Freud explica.
A psicanalise de um anúncio de
jornal, por Garcia Moreno, médico sergipano, já falecido.
O anúncio pela imprensa e pelo
rádio é objeto de uma atividade especializada, onde os conhecimentos da
psicologia têm ampla aplicação. Dizia Garcia Moreno: “O racional e o afetivo, a
sugestão e a convicção, tem o seu lugar próprio, a convocação estratégica, na
redação de um anúncio.
Garcia Moreno, ia mais longe:
O publicitário fita o mundo
subterrâneo do sentimento e das tendências instintivas para impor, de maneira
certa e segura, quase irracional, automática, com o império de um estimulo
associativo, a sugestão útil e calculada.
Quem quiser que manuseie as
revistas ilustradas deste doce mês de dezembro, mês dos presentes e dos
orçamentos atomizados, e veja as seduções psicológicas dos anúncios.
Mas não é tais anúncios que ele
analisava, eles são evidentes, não demandam a ginástica mental de uma
psicanálise.
Já o anúncio abaixo é mais
discreto.
O.M.L.
“Não decepador de boca, por ser
consciente nos serviços de clínica dentária.

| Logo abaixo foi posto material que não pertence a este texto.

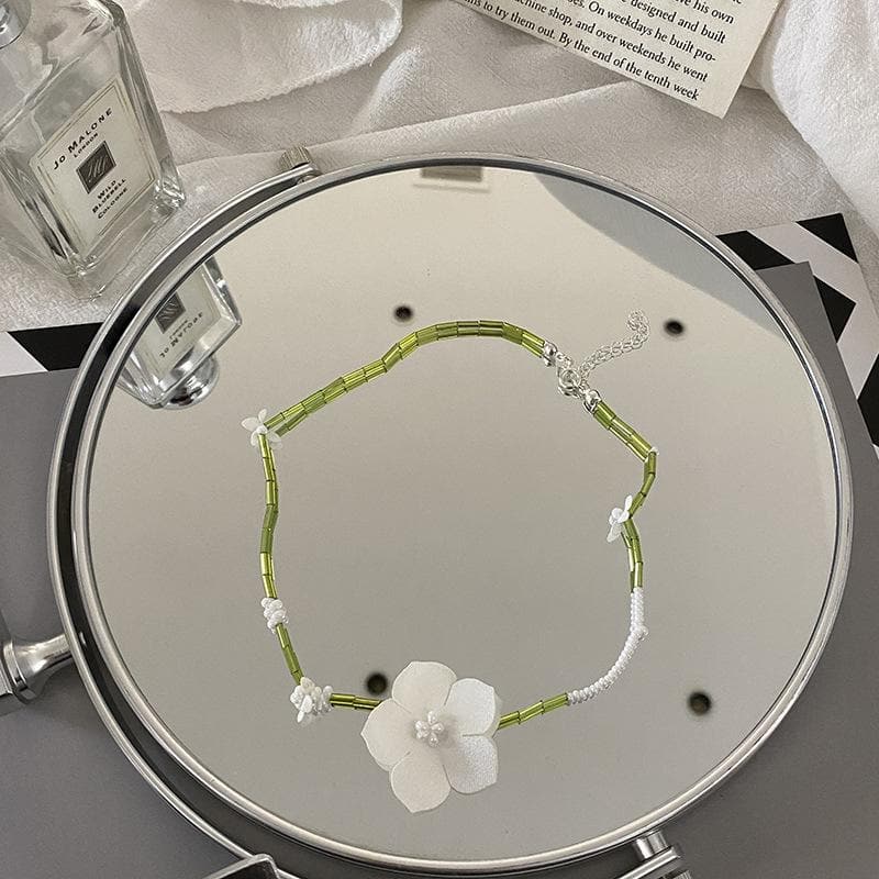 Flower decor beaded chain necklace
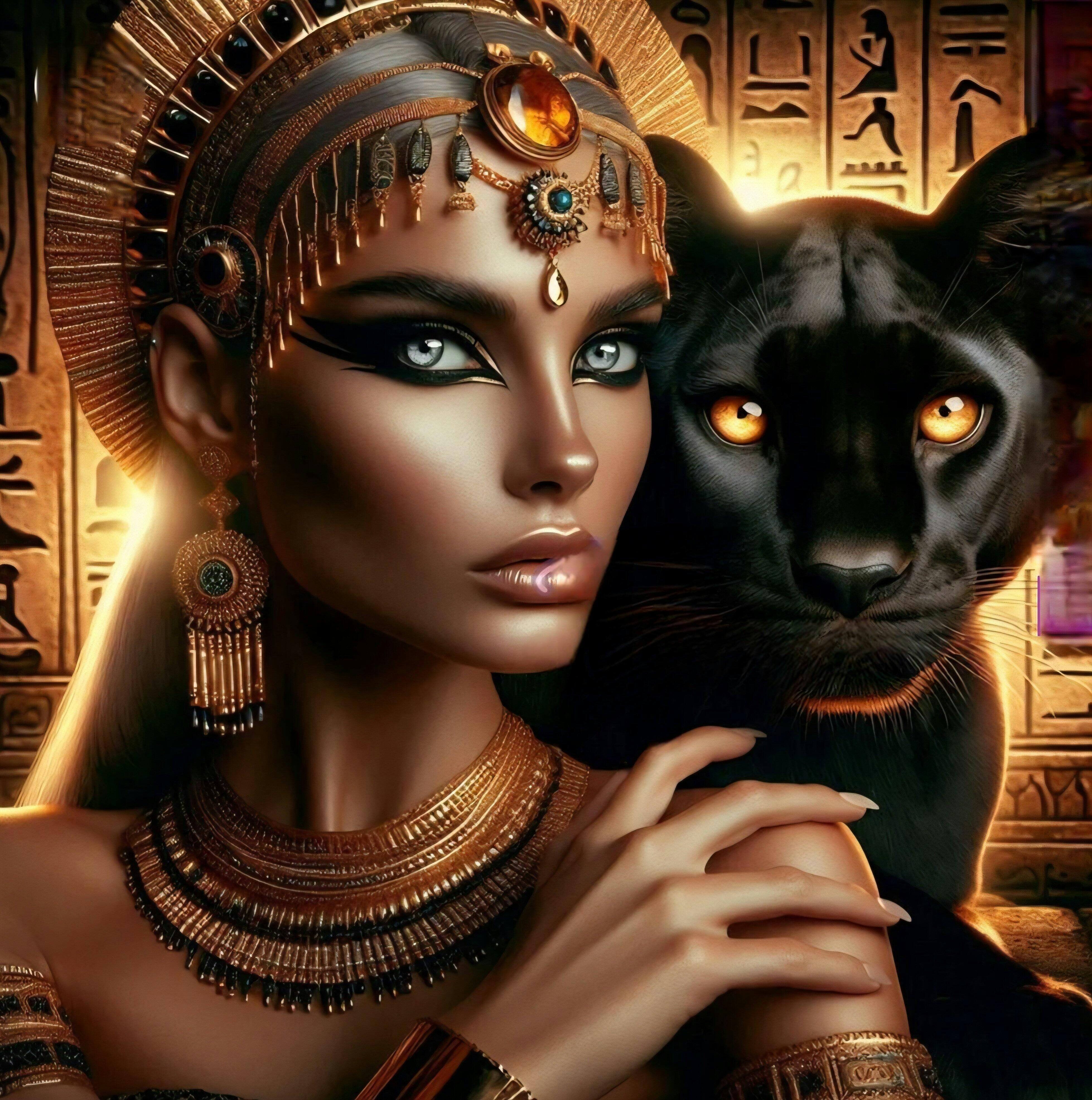 Entrez dans la splendeur de l’Égypte antique avec Néfertari, une reine sublimée par ses parures dorées et son regard de braise, accompagnée d’une panthère noire au regard intense. Ce visuel saisissant combine puissance, élégance et mysticisme, idéal pour les passionnés d’histoire et de légendes égyptiennes.

Especialista no aproveitamento dos
dentes, inclusive os condenados ao boticão e a lata do lixo, com rara exceção.
Não pagará um centavo, se o trabalho de clínica ou prótese não for perfeito.”
(O Nordeste, de 20/12/1952 – 1ª pag., 3ª coluna.).
É sobre esse anuncio banal, que
Garcia Moreno aplica a doutrina freudiana da psicanálise. Vamos a bela ginastica do nosso intelectual:
Note-se que castrar e castigo são
galhos de uma mesma árvore etimológica. A castração é, pois, o supremo castigo,
experimentado e vivido, com suprema angústia, na pré-história da personalidade.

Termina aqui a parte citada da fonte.